Qu’est-ce qui vous enthousiasme actuellement ?
« J’essaye de m’enthousiasmer pour des petites choses. Des moments passés en famille, avec des amis, une balade en forêt. Pour un livre, un film qui me questionne, qui me rassure. Pour une rencontre. Je cherche de l’apaisement dans un monde qui ne tourne pas rond.
Au niveau professionnel, je travaille sur mon premier film documentaire, Rester Vivants, et c’est très grisant de découvrir un nouveau mode d’expression. Une nouvelle manière de raconter des histoires. C’est un horizon de possibles qui s’élargit d’un coup… »
Quelque chose à pointer du doigt dans votre métier ?
« La dictature des formats, le manque d’exigence. Je suis mal à l’aise avec cette idée de “public lambda” qui ne peut pas comprendre la complexité, la nuance. J’ai l’impression qu’on sous-estime les gens, qu’on les prend trop souvent pour des cons. Alors que lors de ma toute petite expérience sur l’exposition et le livre Génération Tahrir au Musée de la photographie de Charleroi, j’ai eu des retours très forts de personnes qui à la base ne s’intéressent pas nécessairement à l’Égypte ou à la photo, mais qui ont appris des choses et ont eu envie d’aller plus loin.
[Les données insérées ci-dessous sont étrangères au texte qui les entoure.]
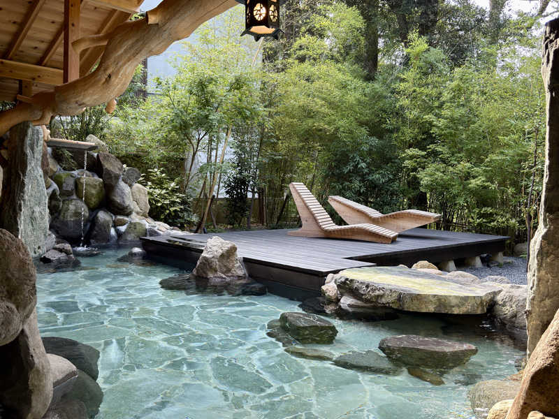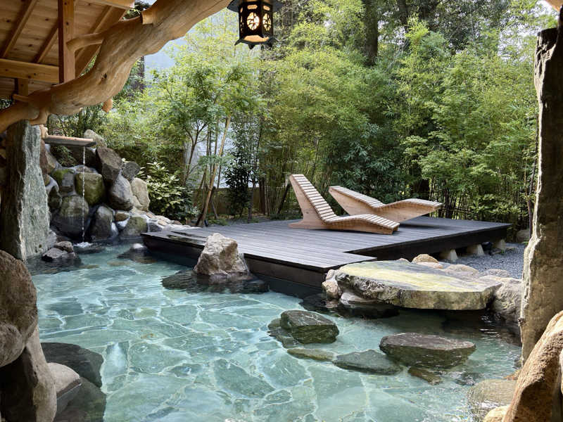外気浴スペースはどのお風呂にもちゃんとあるけど、この時期ゆっくり寛いでると蚊の餌食。蚊対策が用意してあるのは月の湯だけでした。ベープよりも蚊取り線香を焚いてくれた方が雰囲気もいいし分かりやすいと思います。

J’ai étudié le journalisme parce que c’était un contre-pouvoir, un métier merveilleux pour raconter le monde mais aussi un outil essentiel pour élever le niveau de débat dans la société, pour découvrir l’autre. »
Un moment d’indignation : envers qui, envers quoi ?
« Les médias, car c’est mon milieu professionnel. Je parle de manière générale des médias, bien sûr, et heureusement il y a des exceptions mais de plus en plus rares. Je pense que les médias sont en partie responsables de la crise du vivre ensemble que nous traversons.
Les causes évoquées pour justifier le manque de rigueur, le manque de couverture médiatique, sont très souvent budgétaires. Mais je pense que nous sommes tous journalistes, individuellement responsables de ce que nous publions, racontons… Nous devrions être plus critiques envers nous-mêmes, ne pas négliger l’influence que nous pouvons avoir. Je pense par exemple qu’une information erronée, déformée alimente fortement les théories du complot, la crise de confiance dans l’État. »
Avec qui, avec quoi vous sentez-vous en lien ?
« Je me sens en lien avec la jeunesse égyptienne. Je me sens extrêmement attachée à l’Égypte, à la langue et la culture arabe. Et je voudrais modestement participer à créer un autre récit sur le monde arabe et musulman. Je me sens en lien aussi avec ma famille, avec mes origines carolos dont je suis très fière. »
Qu’est-ce qui titille votre curiosité ?
« Les autres, le monde. Je suis particulièrement curieuse… Je ne saurais pas être exhaustive ici. »
Dès ses premiers projets documentaires, la journaliste et photographe Pauline Beugnies témoigne d’une démarche humaine et engagée. Dans axelle, nous avons publié plusieurs de ses images et reportages, notamment celui sur les femmes du Bangladesh brûlées à l’acide. Après le Congo, l’Albanie ou encore la Palestine, l’envie de connaître les autres mène Pauline Beugnies en Égypte où elle restera cinq ans. Elle est d’ailleurs sur place lorsque les manifestations éclatent en janvier 2011. Elle suit alors de près les acteurs et actrices de la révolution. Rentrée au pays, Pauline Beugnies continue de s’intéresser à l’Égypte et au monde arabe « dans l’idée d’établir des ponts, de déconstruire les stéréotypes ». Elle a ainsi cosigné en 2013 un web documentaire Sout el Shabab, la voix des jeunes et, en 2016, un ouvrage Génération Tahrir dont les images ont été exposées au Musée de la photographie de Charleroi. Son premier film documentaire Rester Vivants sera projeté en avant-première le 21 janvier à Charleroi.